The mornings fishing for me was a bit hit and miss, I had a number of good solid hook ups during the morning but managed to either pull the hooks, have leaders shredded and pull knots. Eventually I managed put it altogether and stay connected to a fish long enough to sink a gaff into my first Longy. He was an average size specimen around 1 metre and approx 10ish kgs. I managed to land this fish in about 15-20mins and was wondering what all the hoo-ha was about, sure it pulled hard but I sort of expected more.

Salti, K1 and I all hung about freezing on the beach for while chatting with other campers who generously offered to make us a cuppa while we waited for Sprocket. We'd all managed to pull a long tail this morning which was quite a feat as it's not really that often that every body scores a fish, so it was pretty much the perfect start to the weekend.

After this exciting little introduction to north shore / double island fishing we made our way up to the camp area and easily found Indie and his family and Paul whose forum name is that which we do not speak. It was now raining and cold and showed no signs of letting up. I was travelling fairly light on with my camping stuff and as we unpacked I started to realise what I had left behind on this trip (it just wouldn't be camping without forgetting stuff) not to worry though, it was anything that we couldn't get around.

Hot food was no.1 priority and we were soon fed and started the rehydration process huddled under indies awning on his camper desperately trying to warm up around the fire. A few. Beers and a few ports and more than a few tall stories later saw us all hit the sack ready for an assault on the headland in the morning.

Overnight the rain cleared but left behind a fairly stiff breeze from the west. We took our time with brekky and travel up unsure what effect the winds would have on the planned fishing area. We didn't arrive at the point till after 9am and Paul and Trev were uncertain about heading out with such a stiff breeze pushing across the bay and ultimately driving us further offshore if caught unaware.

I was however pretty confident that if you could get around in front of the headland then it would provide some shelter form the wind. So I set out alone carrying my radio to keep in contact with the rest of the crew. The trip out was quick and without drama, the breeze was chopping the surface but wasn't too bad. And as I suspected once around the headland the water was flat & calm with only the bounce back waves from the cliffs causing some minor swell on the water.

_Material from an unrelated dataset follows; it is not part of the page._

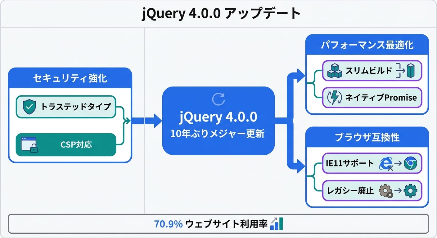 👋 技術者諸君、jQueryの新バージョン4.0.0がリリースされ、Trusted Typesのような先進機能がセキュリティを強化! 古いブラウザの呪縛から解放され、よりモダンなJavaScript開発が可能に。

My target out here was snapper on a mark generously shared with me by a Noosa Yakker. On arrival a pro line fishing boat was fishing the spot and soon after he started trolling the area. Believe it or not seeing a pro boat working the area is a good sign as it is obviously a productive spot. The snapper were definitely there, but many were small and I didn't have a ruler to check them with so they were all going back. I was having a great time catching a fish a cast at times and had the whole place to my self.

Then I finally had a good hit and a strong run with big head shakes from what was obviously a better snapper. A few minutes later a very healthy snap in the low 70's was in the boat. Then it was back to the little ones as Indie and the others finally started making their way out after waiting for the winds to drop. Finally the others started arriving, first indie, then K1 & Paul and soon after Safa and his bro Gary. Indie managed to get another couple of snaps off the mark later that day but I couldn't get anything else of size. I didn't keep a count but estimate I caught in excess of 20 fish in the session, so was pretty happy with result despite only keeping the one fish.

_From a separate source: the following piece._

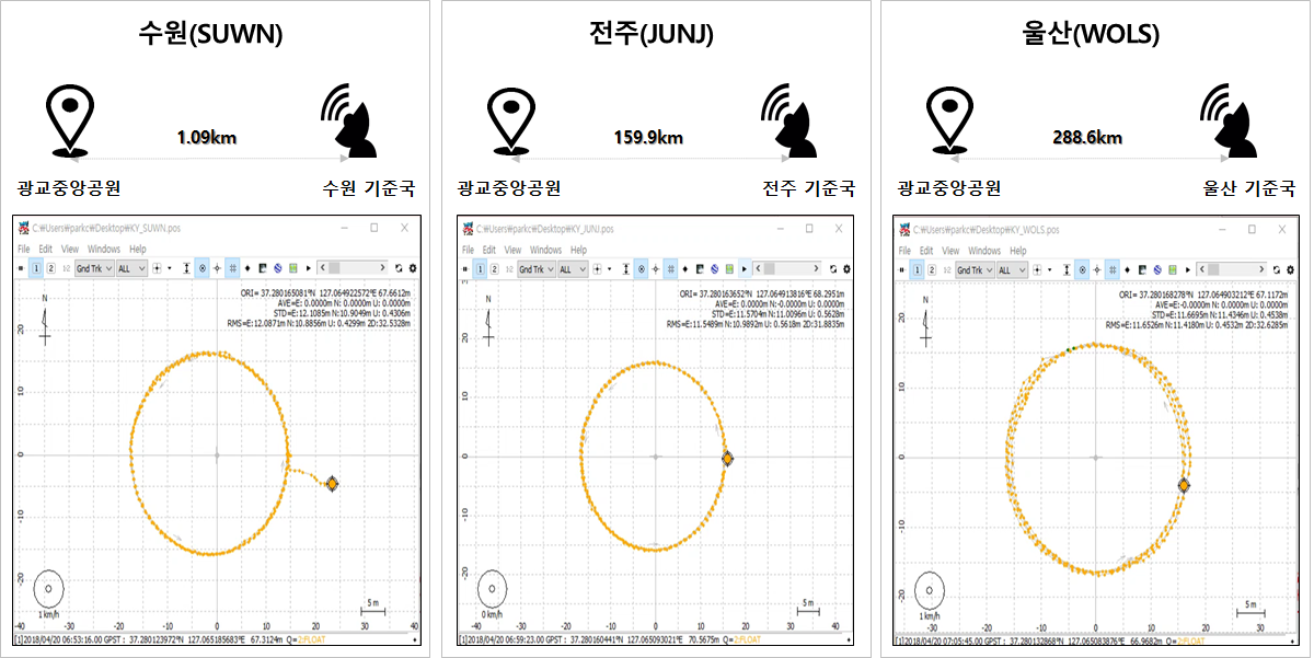 단일 RTK 기법을 이용한 측위 시험을 하기 위해서는 기준국과 사용자 수신기와의 최대 거리는 10~20km를 초과해서는 안되기 때문에 이번 실험에서는 기준국과 사용자 수신기 거리에 따른 측위 성능 비교 실험을 진행해봤습니다.

More beers and port around the fire helped the sleep and Sprocket and family arrived in the dark to join the crew and we had an early start hitting the headland at dawn the following day. Snapper were once again the target and the reefs in front of the headland bombarded with yaks and plastics. Safa and I arrived at roughly the same time and we both fired out a cast and being only 20m apart were having a chat when both of us hooked up simultaneously. My fish swung my yak 180 degrees on dragged me 70m on the first run before dropping the hooks and when I made it back I found Safa had landed a 60ish snapper. What a great way to start the day! I couldn't get any further hits from the area after that but did find Safa fighting a snag for all he was worth. He swore black and blue that it was a fish but it certainly looked like a snag to me. I played along and hung around offering support and even tried to tow him away t get a better angle to fight his snag but he busted off.

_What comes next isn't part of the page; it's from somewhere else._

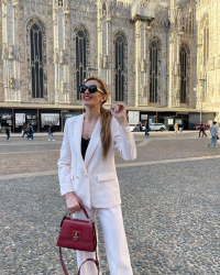 Mamica a trei copii, arata senzational, aceasta fiind imbracata intr-un costum clasic format din pantaloni si sacou, cu ochelarii pe ochi si buzele rosii, a postat o poza cu Tiberiu in brate, in descrierea careia a scris ca: „Fashion mama, dar prioritar #mama”

So as the morning sesh rolled up about 11am, Trev & I had to pack up and leave but I was determined to get a final crack at these long tails down the beach while the swell was still low. W packed camp, said our goodbyes and headed down the beach checking Salti's spot along the way but for some reason the break looked a bit treacherous so we moved further down the beach until we found schools of fish working outside the break. A quick launch without issues and I was within feeding fish in minutes. Once again I had Trevs rods in my hatch and waited until after exchanging these before hooking up.

After exchanging rods, we found some birds and fish working about 200m away and headed straight for them, once in range I fired a cast right into the frenzy and seconds later was connected to a fish I thought may have been a mac tuna for a few seconds and then it went berserk. This fish just went on a rampage wherever it wanted and I little to no say about it even though it was caught on similar gear to the first one on Thursday. An intense 45min followed before I finally subdued this fish, it was such a different fight to the first one.

Shortly after Trev hooked up also but I was just about to tell him it's time to go home as I needed to get home in time for a family dinner, so now I had to tell him to hurry up instead. This he did, with a heavy drag setting and he had the fish at the boat in 5min and boated within 9min. Bloody legendary!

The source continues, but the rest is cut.